▶ [Exercise aim]:
Set down each entry exactly; omit images.

(Stored items)
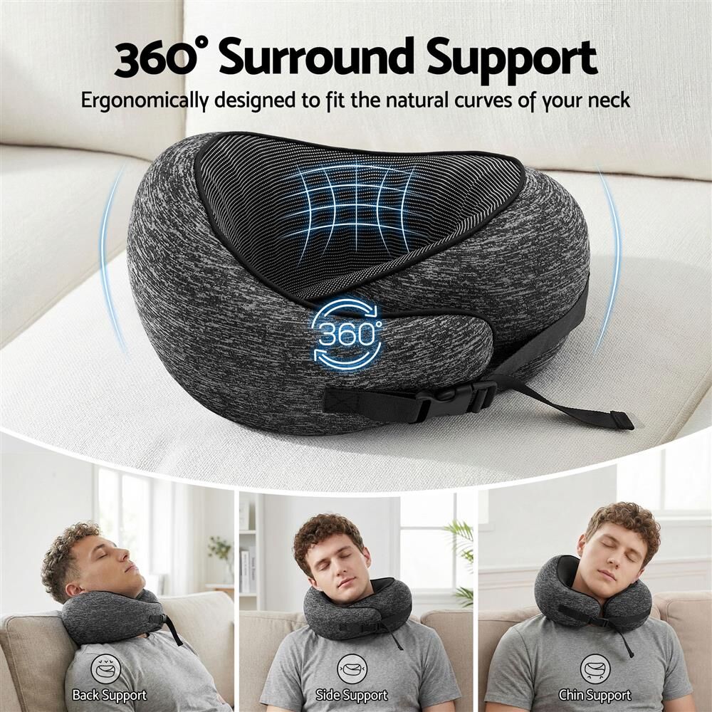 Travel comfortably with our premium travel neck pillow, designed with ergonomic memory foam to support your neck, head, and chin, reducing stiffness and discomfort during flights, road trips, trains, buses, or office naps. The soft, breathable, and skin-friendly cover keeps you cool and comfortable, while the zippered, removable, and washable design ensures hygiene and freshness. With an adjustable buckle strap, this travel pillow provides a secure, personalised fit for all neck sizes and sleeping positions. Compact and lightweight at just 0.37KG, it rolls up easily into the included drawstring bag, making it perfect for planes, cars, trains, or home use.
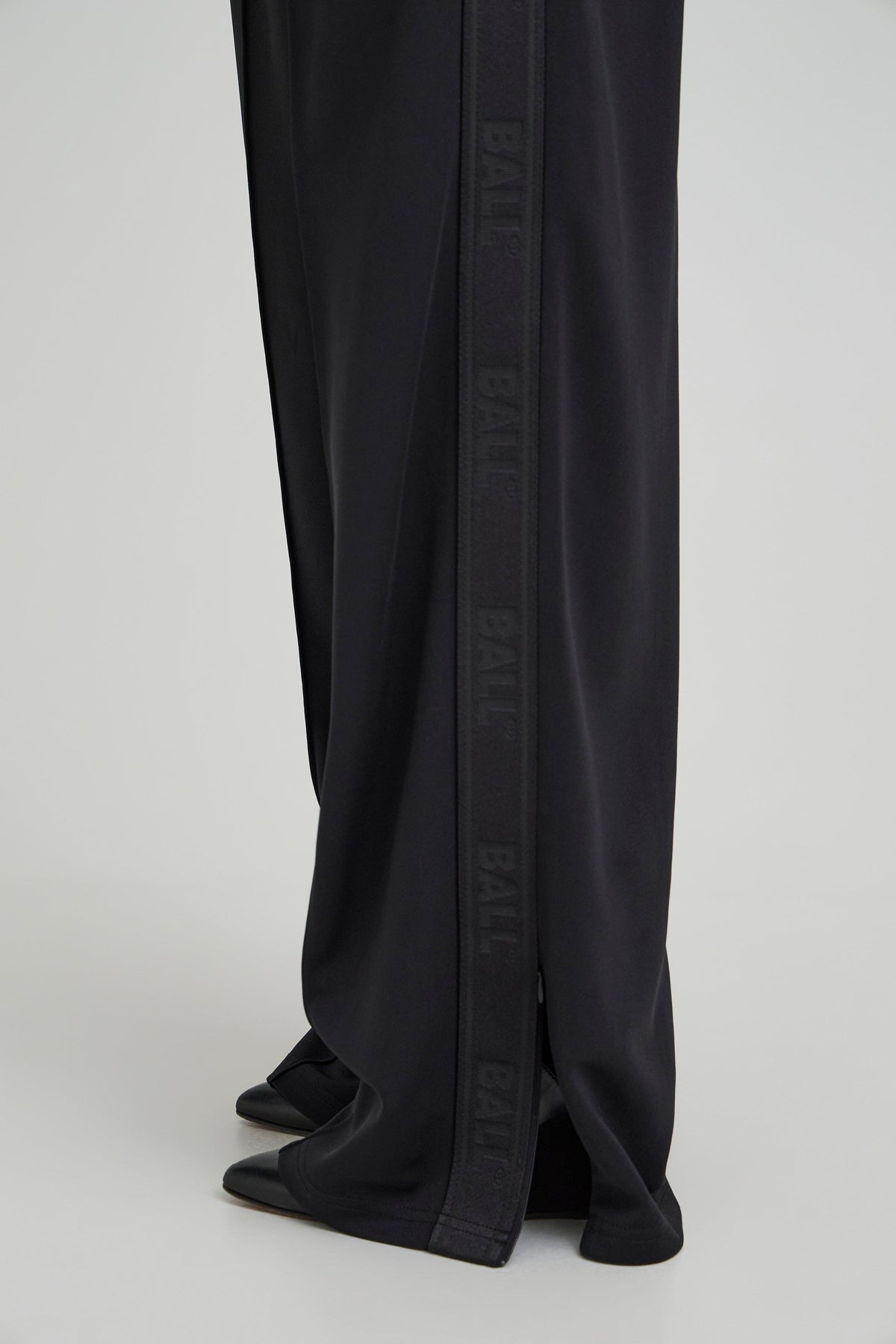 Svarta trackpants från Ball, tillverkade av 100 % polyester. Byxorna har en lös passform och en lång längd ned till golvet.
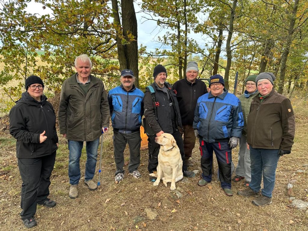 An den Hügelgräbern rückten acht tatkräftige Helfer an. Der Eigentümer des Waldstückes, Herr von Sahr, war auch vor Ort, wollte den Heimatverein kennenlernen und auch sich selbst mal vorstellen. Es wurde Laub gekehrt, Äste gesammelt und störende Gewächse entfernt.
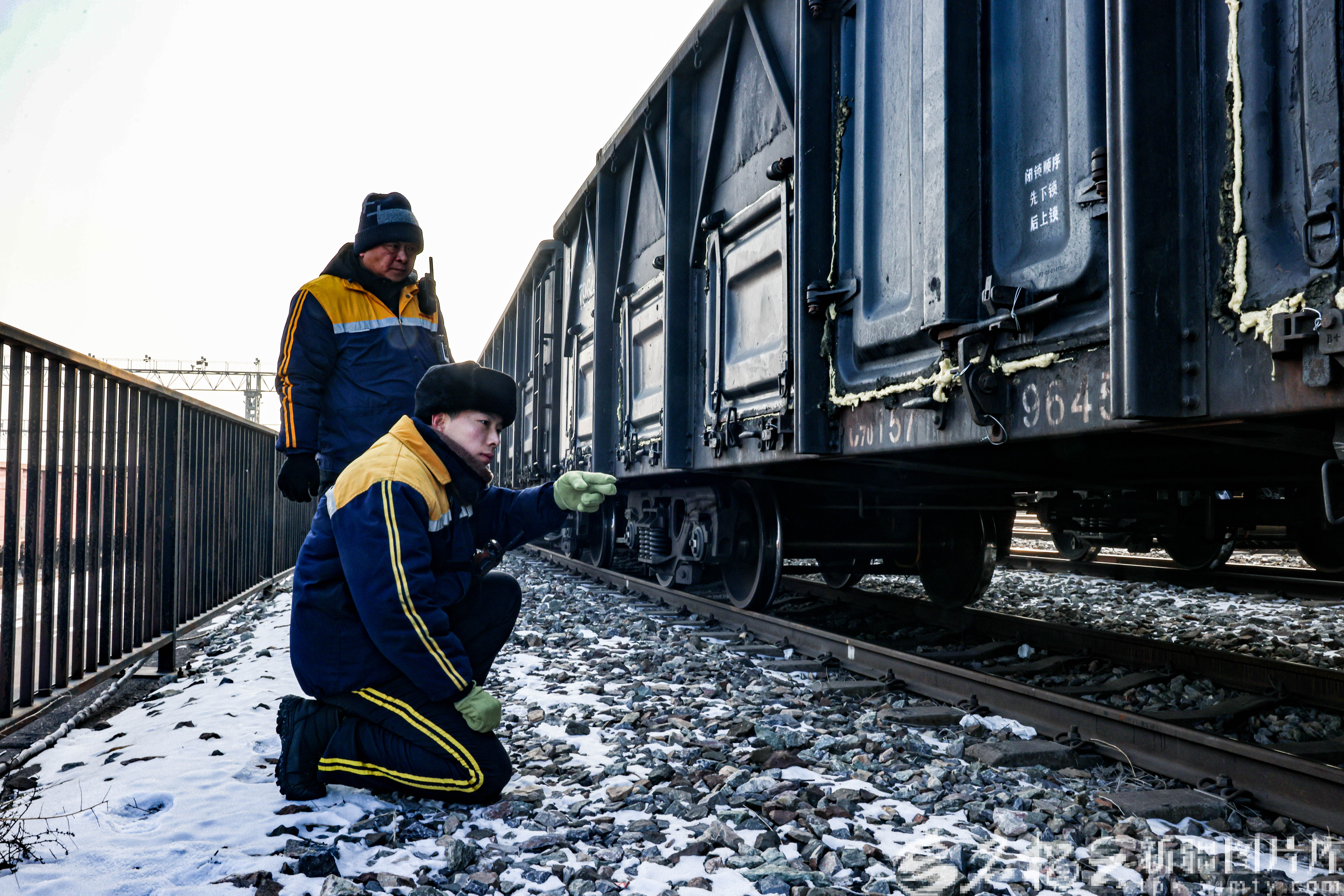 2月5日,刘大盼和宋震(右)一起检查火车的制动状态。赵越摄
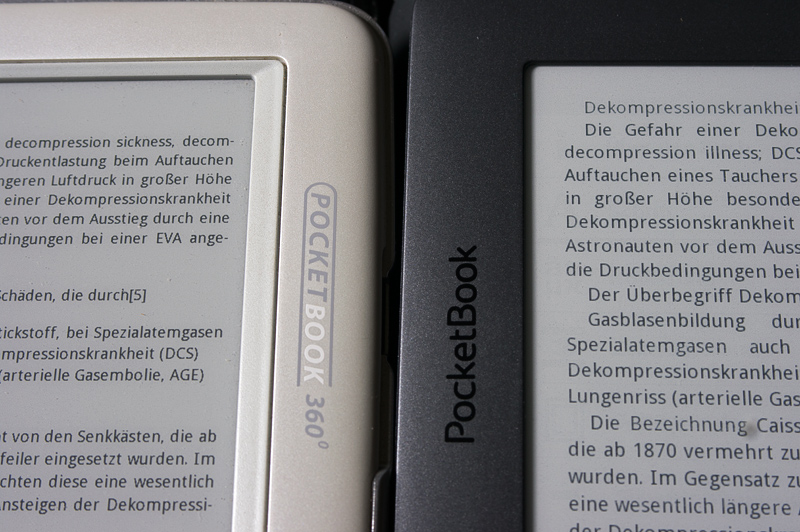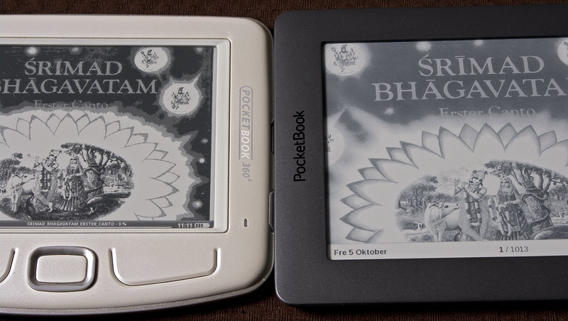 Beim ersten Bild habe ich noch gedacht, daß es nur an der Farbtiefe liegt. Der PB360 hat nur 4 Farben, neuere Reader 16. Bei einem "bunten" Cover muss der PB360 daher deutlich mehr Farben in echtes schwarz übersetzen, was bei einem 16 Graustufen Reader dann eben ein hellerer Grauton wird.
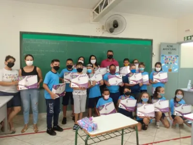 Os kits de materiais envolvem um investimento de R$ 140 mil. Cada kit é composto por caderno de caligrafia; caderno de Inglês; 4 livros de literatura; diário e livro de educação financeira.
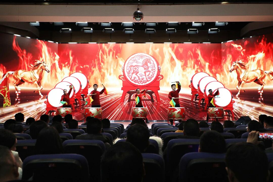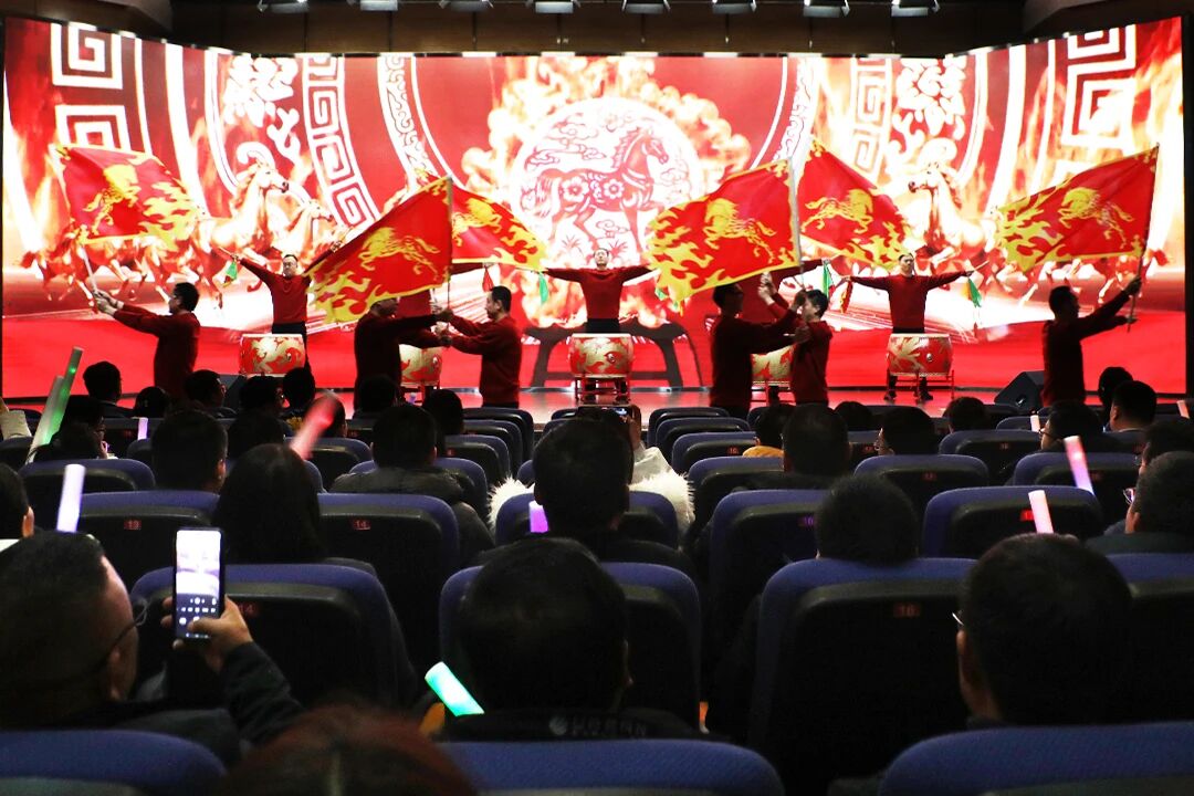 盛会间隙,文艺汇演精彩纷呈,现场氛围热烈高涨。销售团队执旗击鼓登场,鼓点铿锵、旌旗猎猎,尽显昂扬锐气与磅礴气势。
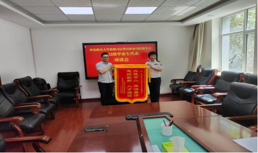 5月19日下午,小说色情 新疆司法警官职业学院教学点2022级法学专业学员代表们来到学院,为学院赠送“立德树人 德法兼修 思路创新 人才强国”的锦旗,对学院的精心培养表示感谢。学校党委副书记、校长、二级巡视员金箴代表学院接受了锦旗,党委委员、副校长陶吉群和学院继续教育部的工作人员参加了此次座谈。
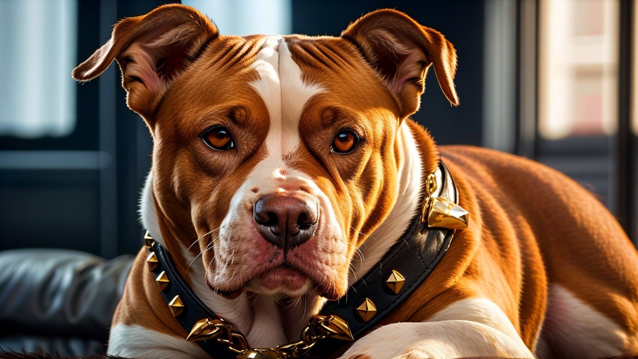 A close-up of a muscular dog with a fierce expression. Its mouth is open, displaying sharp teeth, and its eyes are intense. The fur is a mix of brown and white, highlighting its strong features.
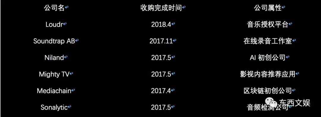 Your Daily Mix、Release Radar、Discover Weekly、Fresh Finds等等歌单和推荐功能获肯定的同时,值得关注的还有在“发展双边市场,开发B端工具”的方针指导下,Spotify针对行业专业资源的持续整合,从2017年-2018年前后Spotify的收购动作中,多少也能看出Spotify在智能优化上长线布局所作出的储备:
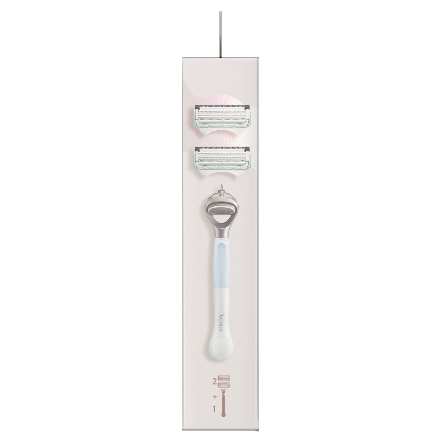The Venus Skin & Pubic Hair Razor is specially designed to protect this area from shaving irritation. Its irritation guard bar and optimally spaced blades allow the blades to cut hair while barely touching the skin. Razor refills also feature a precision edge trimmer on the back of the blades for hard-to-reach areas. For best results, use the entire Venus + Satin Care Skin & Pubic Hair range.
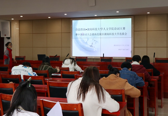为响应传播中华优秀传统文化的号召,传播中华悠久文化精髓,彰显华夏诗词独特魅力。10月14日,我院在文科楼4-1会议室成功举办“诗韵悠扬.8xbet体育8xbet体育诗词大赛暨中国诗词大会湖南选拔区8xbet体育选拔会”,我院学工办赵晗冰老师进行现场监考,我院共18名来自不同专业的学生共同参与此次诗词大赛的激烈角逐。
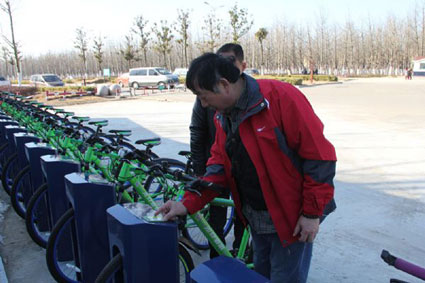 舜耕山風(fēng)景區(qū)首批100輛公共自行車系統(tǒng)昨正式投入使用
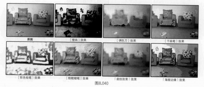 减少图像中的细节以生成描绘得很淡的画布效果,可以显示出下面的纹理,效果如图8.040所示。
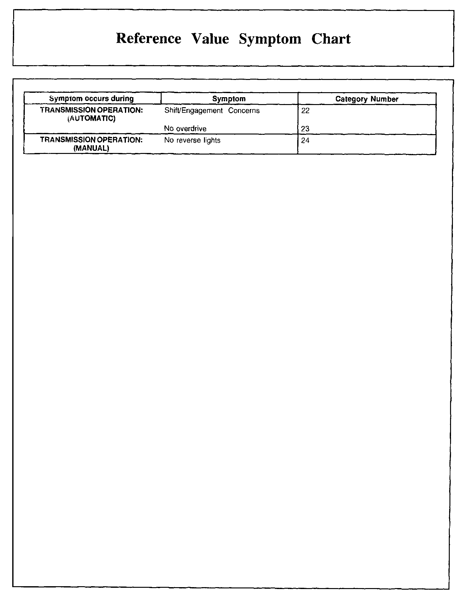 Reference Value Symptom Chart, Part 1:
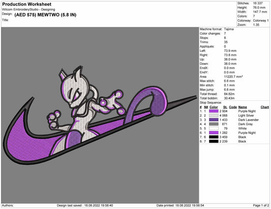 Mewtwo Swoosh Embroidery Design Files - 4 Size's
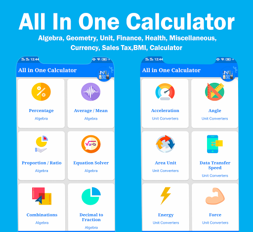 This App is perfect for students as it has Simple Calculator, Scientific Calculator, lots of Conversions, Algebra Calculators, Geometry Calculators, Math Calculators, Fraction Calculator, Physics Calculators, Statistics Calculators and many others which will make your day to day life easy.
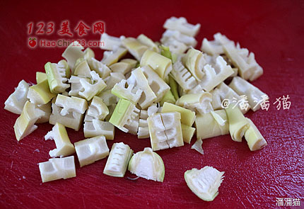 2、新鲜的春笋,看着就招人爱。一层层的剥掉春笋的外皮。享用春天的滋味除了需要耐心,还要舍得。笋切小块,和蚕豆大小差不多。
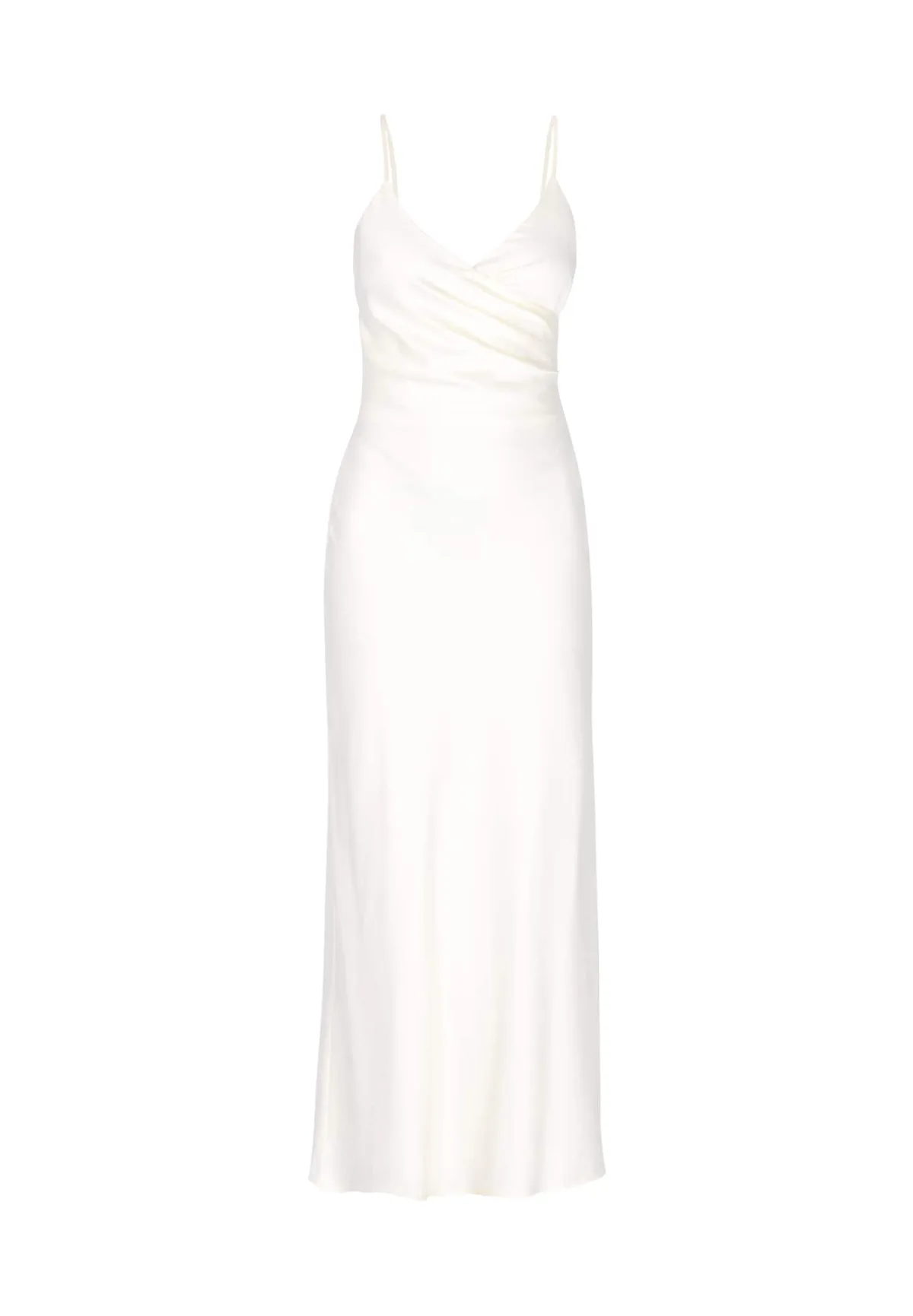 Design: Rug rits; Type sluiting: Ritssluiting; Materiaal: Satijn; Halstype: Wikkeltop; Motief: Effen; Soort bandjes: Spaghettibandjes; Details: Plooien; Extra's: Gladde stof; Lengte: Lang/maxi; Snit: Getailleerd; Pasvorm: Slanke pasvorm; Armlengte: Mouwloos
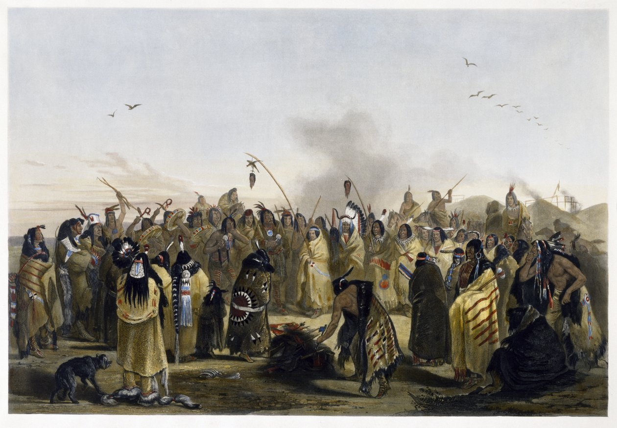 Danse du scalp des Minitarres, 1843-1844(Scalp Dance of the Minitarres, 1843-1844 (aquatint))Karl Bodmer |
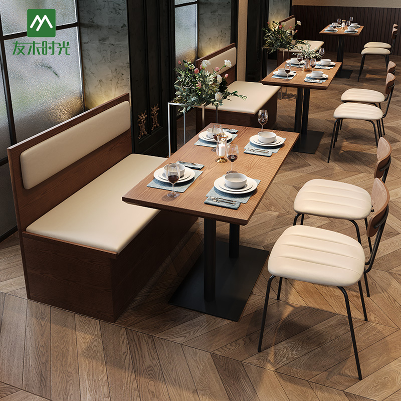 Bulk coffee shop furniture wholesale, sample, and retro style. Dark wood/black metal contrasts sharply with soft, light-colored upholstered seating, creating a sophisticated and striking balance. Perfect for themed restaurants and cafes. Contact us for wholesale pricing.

▶ [Solution to this task]:
 Travel comfortably with our premium travel neck pillow, designed with ergonomic memory foam to support your neck, head, and chin, reducing stiffness and discomfort during flights, road trips, trains, buses, or office naps. The soft, breathable, and skin-friendly cover keeps you cool and comfortable, while the zippered, removable, and washable design ensures hygiene and freshness. With an adjustable buckle strap, this travel pillow provides a secure, personalised fit for all neck sizes and sleeping positions. Compact and lightweight at just 0.37KG, it rolls up easily into the included drawstring bag, making it perfect for planes, cars, trains, or home use.
 Svarta trackpants från Ball, tillverkade av 100 % polyester. Byxorna har en lös passform och en lång längd ned till golvet.
 An den Hügelgräbern rückten acht tatkräftige Helfer an. Der Eigentümer des Waldstückes, Herr von Sahr, war auch vor Ort, wollte den Heimatverein kennenlernen und auch sich selbst mal vorstellen. Es wurde Laub gekehrt, Äste gesammelt und störende Gewächse entfernt.
 2月5日,刘大盼和宋震(右)一起检查火车的制动状态。赵越摄
 Beim ersten Bild habe ich noch gedacht, daß es nur an der Farbtiefe liegt. Der PB360 hat nur 4 Farben, neuere Reader 16. Bei einem "bunten" Cover muss der PB360 daher deutlich mehr Farben in echtes schwarz übersetzen, was bei einem 16 Graustufen Reader dann eben ein hellerer Grauton wird.
 Os kits de materiais envolvem um investimento de R$ 140 mil. Cada kit é composto por caderno de caligrafia; caderno de Inglês; 4 livros de literatura; diário e livro de educação financeira.
 盛会间隙,文艺汇演精彩纷呈,现场氛围热烈高涨。销售团队执旗击鼓登场,鼓点铿锵、旌旗猎猎,尽显昂扬锐气与磅礴气势。
 5月19日下午,小说色情 新疆司法警官职业学院教学点2022级法学专业学员代表们来到学院,为学院赠送“立德树人 德法兼修 思路创新 人才强国”的锦旗,对学院的精心培养表示感谢。学校党委副书记、校长、二级巡视员金箴代表学院接受了锦旗,党委委员、副校长陶吉群和学院继续教育部的工作人员参加了此次座谈。
 A close-up of a muscular dog with a fierce expression. Its mouth is open, displaying sharp teeth, and its eyes are intense. The fur is a mix of brown and white, highlighting its strong features.
 Your Daily Mix、Release Radar、Discover Weekly、Fresh Finds等等歌单和推荐功能获肯定的同时,值得关注的还有在“发展双边市场,开发B端工具”的方针指导下,Spotify针对行业专业资源的持续整合,从2017年-2018年前后Spotify的收购动作中,多少也能看出Spotify在智能优化上长线布局所作出的储备:
The Venus Skin & Pubic Hair Razor is specially designed to protect this area from shaving irritation. Its irritation guard bar and optimally spaced blades allow the blades to cut hair while barely touching the skin. Razor refills also feature a precision edge trimmer on the back of the blades for hard-to-reach areas. For best results, use the entire Venus + Satin Care Skin & Pubic Hair range.
为响应传播中华优秀传统文化的号召,传播中华悠久文化精髓,彰显华夏诗词独特魅力。10月14日,我院在文科楼4-1会议室成功举办“诗韵悠扬.8xbet体育8xbet体育诗词大赛暨中国诗词大会湖南选拔区8xbet体育选拔会”,我院学工办赵晗冰老师进行现场监考,我院共18名来自不同专业的学生共同参与此次诗词大赛的激烈角逐。
 舜耕山風(fēng)景區(qū)首批100輛公共自行車系統(tǒng)昨正式投入使用
 减少图像中的细节以生成描绘得很淡的画布效果,可以显示出下面的纹理,效果如图8.040所示。
 Reference Value Symptom Chart, Part 1:
 Mewtwo Swoosh Embroidery Design Files - 4 Size's
 This App is perfect for students as it has Simple Calculator, Scientific Calculator, lots of Conversions, Algebra Calculators, Geometry Calculators, Math Calculators, Fraction Calculator, Physics Calculators, Statistics Calculators and many others which will make your day to day life easy.
 2、新鲜的春笋,看着就招人爱。一层层的剥掉春笋的外皮。享用春天的滋味除了需要耐心,还要舍得。笋切小块,和蚕豆大小差不多。
 Design: Rug rits; Type sluiting: Ritssluiting; Materiaal: Satijn; Halstype: Wikkeltop; Motief: Effen; Soort bandjes: Spaghettibandjes; Details: Plooien; Extra's: Gladde stof; Lengte: Lang/maxi; Snit: Getailleerd; Pasvorm: Slanke pasvorm; Armlengte: Mouwloos
 Danse du scalp des Minitarres, 1843-1844(Scalp Dance of the Minitarres, 1843-1844 (aquatint))Karl Bodmer |
 Bulk coffee shop furniture wholesale, sample, and retro style. Dark wood/black metal contrasts sharply with soft, light-colored upholstered seating, creating a sophisticated and striking balance. Perfect for themed restaurants and cafes. Contact us for wholesale pricing.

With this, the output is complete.